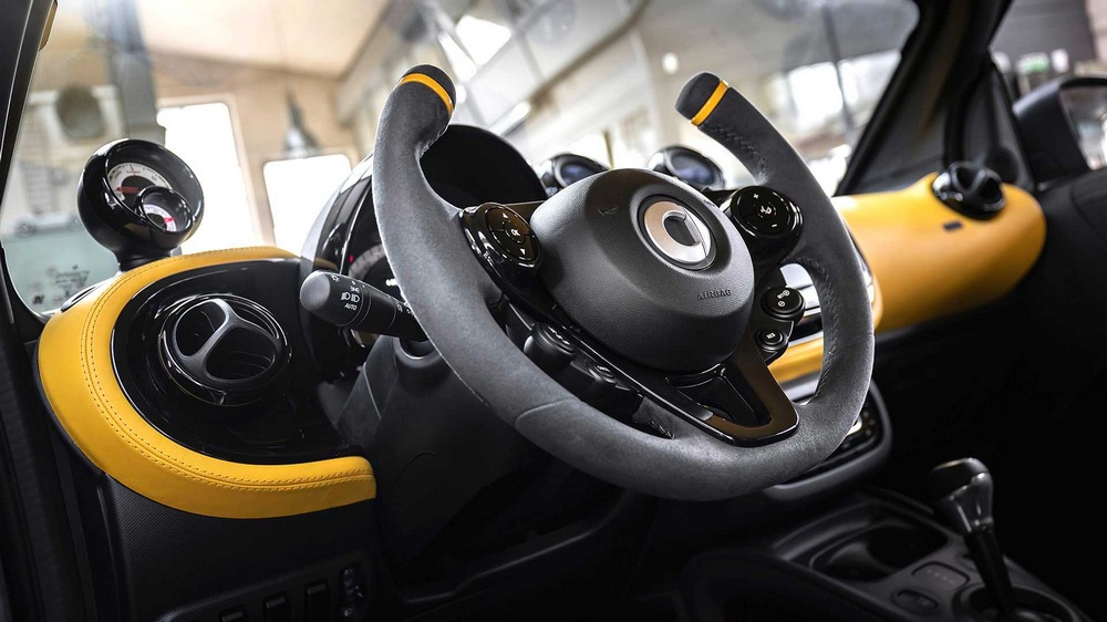 En el habitáculo, lo más destacado es la introducción de un nuevo volante recortado por su parte superior y la implementación de pequeñas pantallas ubicadas en pequeños soportes sobre el salpicadero por donde normalmente expulsa el aire el sistema de climatización. Y aunque no han revelado las especificaciones técnicas, sabemos que el smart forease+ Concept está construido sobre la base del smart fortwo cabrio electric drive, por lo que suponemos que dispondrá de un motor eléctrico de 80 CV y una batería de 17,6 kWh.
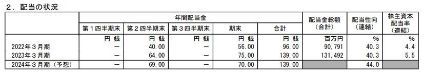 - 2023年3月期・期末配当:75円
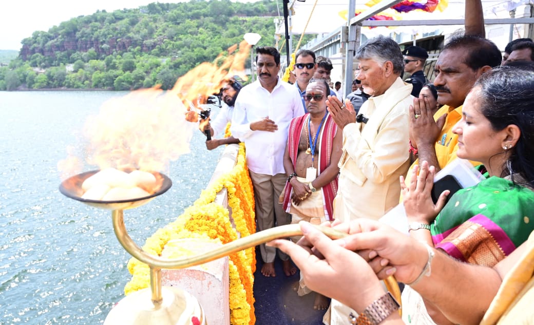 ముందుగా శ్రీశైలం ఆలయంలో ప్రత్యేక పూజలు నిర్వహించిన అనంతరం జలాశయం వద్దకు చేరుకుంటారు. జలహారతి కార్యక్రమంలో భాగంగా కృష్ణమ్మకు హారతి ఇస్తారు. తొలి ఏకాదశి నుంచి రైతులు దుక్కులు దున్ని పంటలు వేసుకునే సమయం కావడంతో ప్రతి ఏడాది ఈ జలహారతి కార్యక్రమం నిర్వహిస్తారు. ఎగువ రాష్ట్రాల్లో కురుస్తున్న వర్షాలకు కృష్ణా నది ఇప్పటికే కళకళలాడుతోంది. శ్రీశైలంలోని కుడి, ఎడమ గట్టు జల విద్యుత్ కేంద్రంలో విద్యుత్ ఉత్పత్తి చేస్తున్నారు.మహారాష్ట్రలో కురుస్తున్న భారీ వర్షాల నేపథ్యంలో కృష్ణ, గోదావరి నదులు జలకళను సంతరించుకున్నాయి. సుంకేశుల, జూరాల నుంచి వరద నీరు శ్రీశైలానికి జలాశయానికి పోటెత్తుతోంది. శ్రీశైలం జలాశయం గరిష్ట నీటి మట్టం 885 అడుగులు కాగా, ప్రస్తుతం 881.6 అడుగులకు నీరు చేరింది. పై నుంచి 1,72,705 క్యూసెక్కుల నీరు వచ్చి చేరుతుండటంతో 67,563 క్యూసెక్కుల నీటిని నాగార్జున సాగర్కు విడుదల చేస్తున్నారు. వరద ప్రవాహం ఎక్కువగా ఉండటంతో ముఖ్యమంత్రి చంద్రబాబు నాయుడు జలహారతి కార్యక్రమం అనంతరం అధికారులు దిగువకు నీరు విడుదల చేశారు.
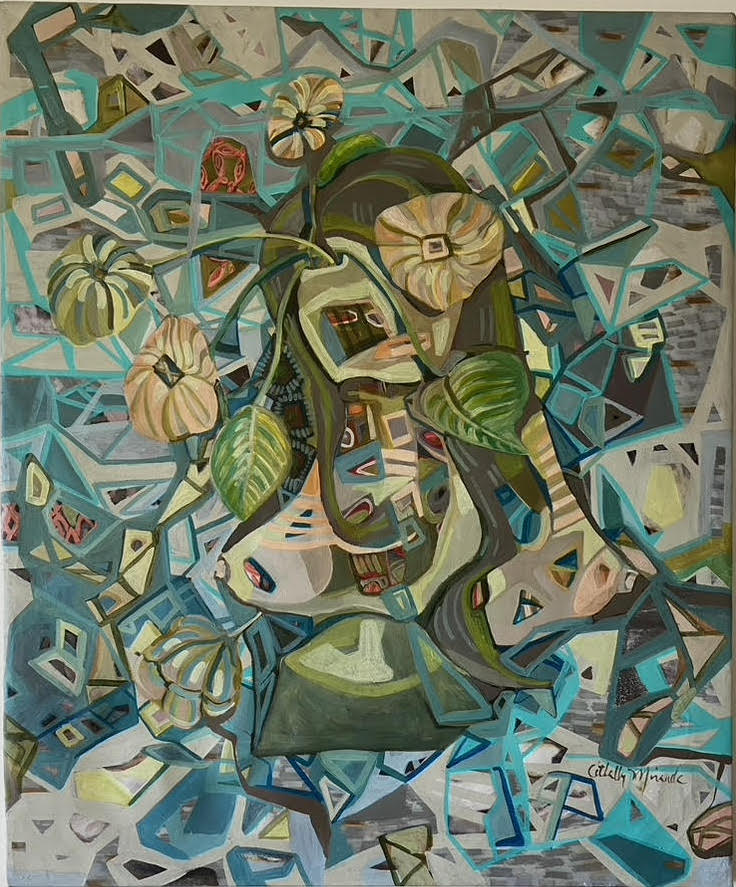 Vasija cubista, Acrylics on fabric, 43”X33”,
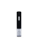 Штопор имеет цилиндрическую форму. Основной материал аксессуара – прочный пластик и нержавеющая сталь. На корпусе присутствуют две кнопки управления. Штопор визуально разделен на две неравные части, верхнюю черную и нижнюю прозрачную. Аксессуар сразу поставляется в подарочной коробке.
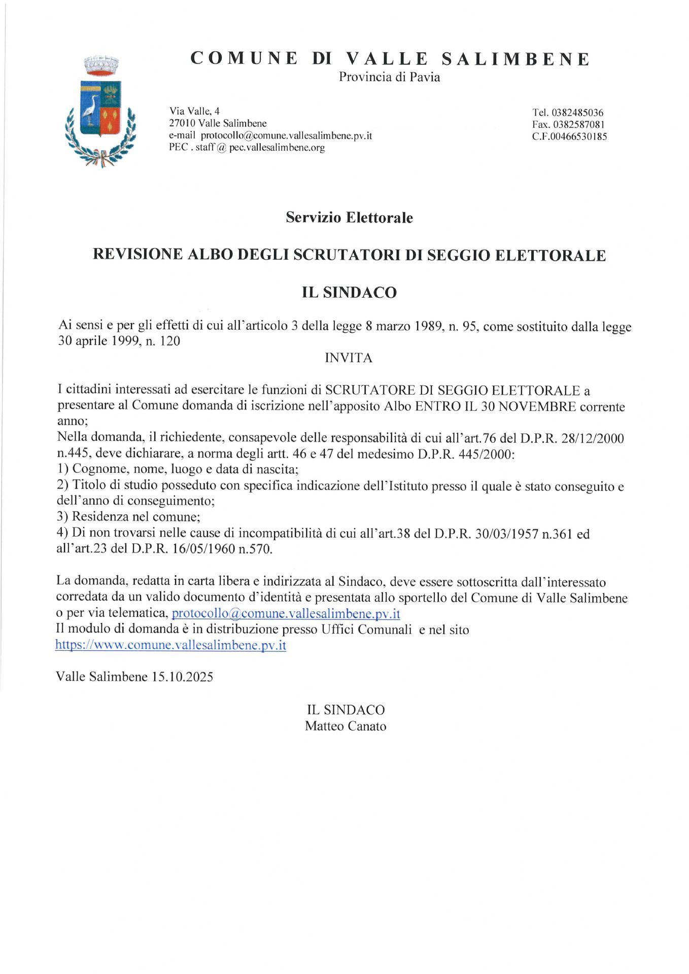 Descrizione manifesto aggiornamento dell'albo delle persone idonee all'ufficio dfi scrutatore di seggio elettorale A cura di Uffici Anagrafe, Segreteria, Affari Generali Ultimo aggiornamento pagina: 15/10/2025 13:39:49
---------------
In the answer, include exactly the lines from the top of the entries through the line containing "- 2023年3月期・期末配当:75円", and nothing else, not even the pictures.

 En el habitáculo, lo más destacado es la introducción de un nuevo volante recortado por su parte superior y la implementación de pequeñas pantallas ubicadas en pequeños soportes sobre el salpicadero por donde normalmente expulsa el aire el sistema de climatización. Y aunque no han revelado las especificaciones técnicas, sabemos que el smart forease+ Concept está construido sobre la base del smart fortwo cabrio electric drive, por lo que suponemos que dispondrá de un motor eléctrico de 80 CV y una batería de 17,6 kWh.
 - 2023年3月期・期末配当:75円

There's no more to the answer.